Perhaps another study for another day though.

One thing that really stood out to me (which is something I've often said) was this though:

Quote:
Before agriculture was introduced (circa 11–9000 years ago), human ancestors could not grow, harvest and store the majority of plant-based products as the staple food. Plant foods are mostly accessible only in particular seasons of the year.26 Contrariwise, animals, including large game, small animal, fish and some insects, could constantly provide humans with meat as the staple food.


In other words, it wasn't possible for plant based foods to be THE primary source of food during a good bit of the year before the era of agriculture began. Even then, preservation methods for harvested foods were iffy at best.
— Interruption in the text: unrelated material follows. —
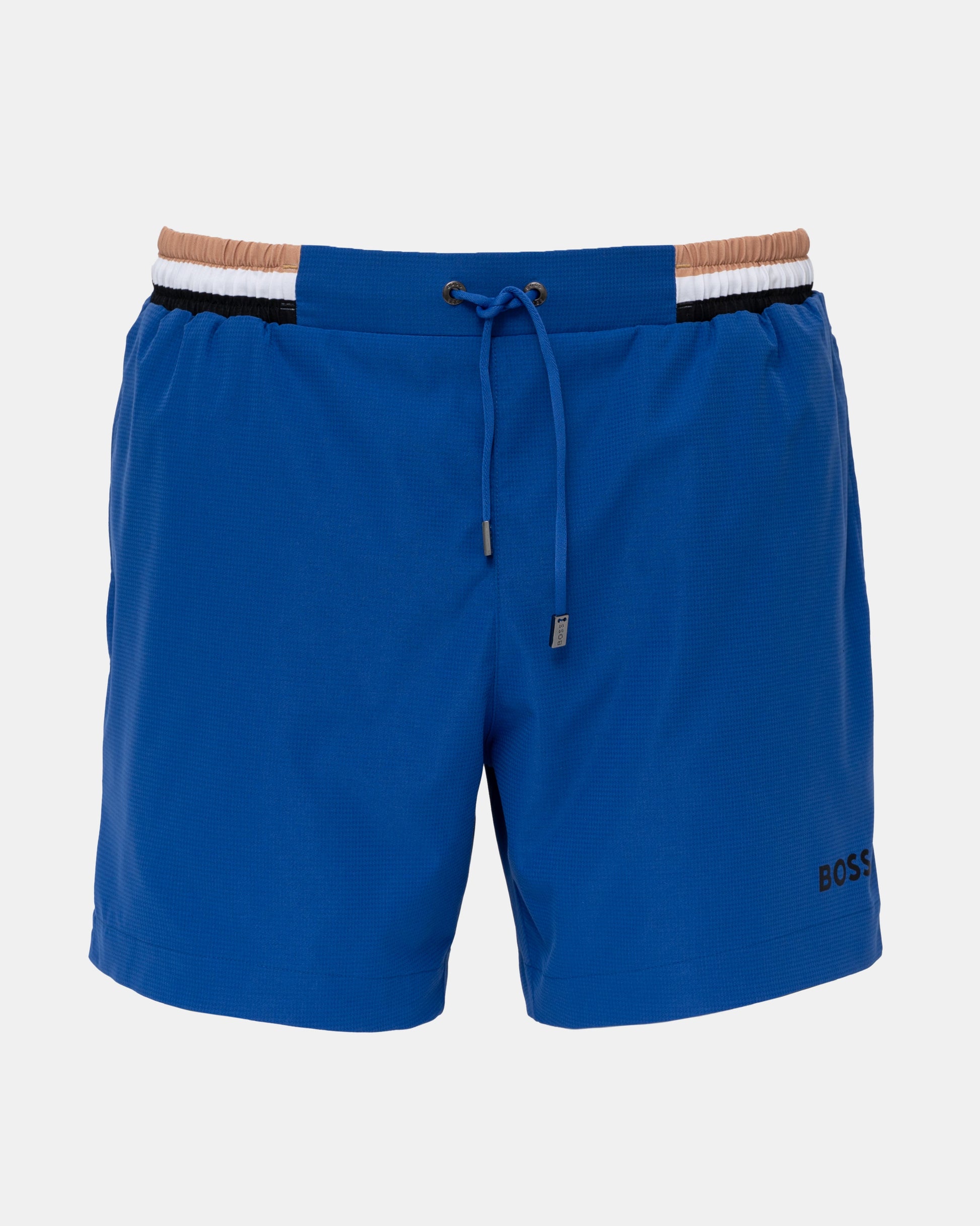 Sporty swim shorts in ripstop fabric by BOSS. Topped with an elasticated waistband carrying a signature stripe, these fully lined swim shorts are printed with a contrast BOSS logo at the left leg. Branded tips add further distinction at the drawcord.

If every single piece of fruit was not dried sufficiently, or had picked up mold spores from the air, they could result in ruining an entire storage container of dried fruit. Up until the last couple hundred years when canning methods were first developed, it was incredibly difficult and time consuming to preserve sufficient agricultural foods to prevent total starvation during the rest of the year. Logic says that humans needed to eat animal products to survive the long winters, even after agriculture was developed.

For the most part that does mean eating meats of some kind, since most egg laying occurs in the spring and summer, and most agricultural animals providing milk would have weaned their young before the winter. So even strict vegetarianism (eggs and dairy) is a completely modern construct.


Not to mention that if they were eating eggs and dairy, what exactly were they doing with calves and lambs that were weaned and the chicks/ducklings/goslings that hatched from any uneaten eggs? What would have been the point in keeping all those, rather than eating them?



Simply put, humans have always eaten animal products - mostly meat - from the beginning, and no idealized society that eschews all animal products would have survived even the first winter.



Hence as WereBear pointed out:


Quote:
If they get all the protein they need from plants, why would they do that? Not a single vegan society in all of history.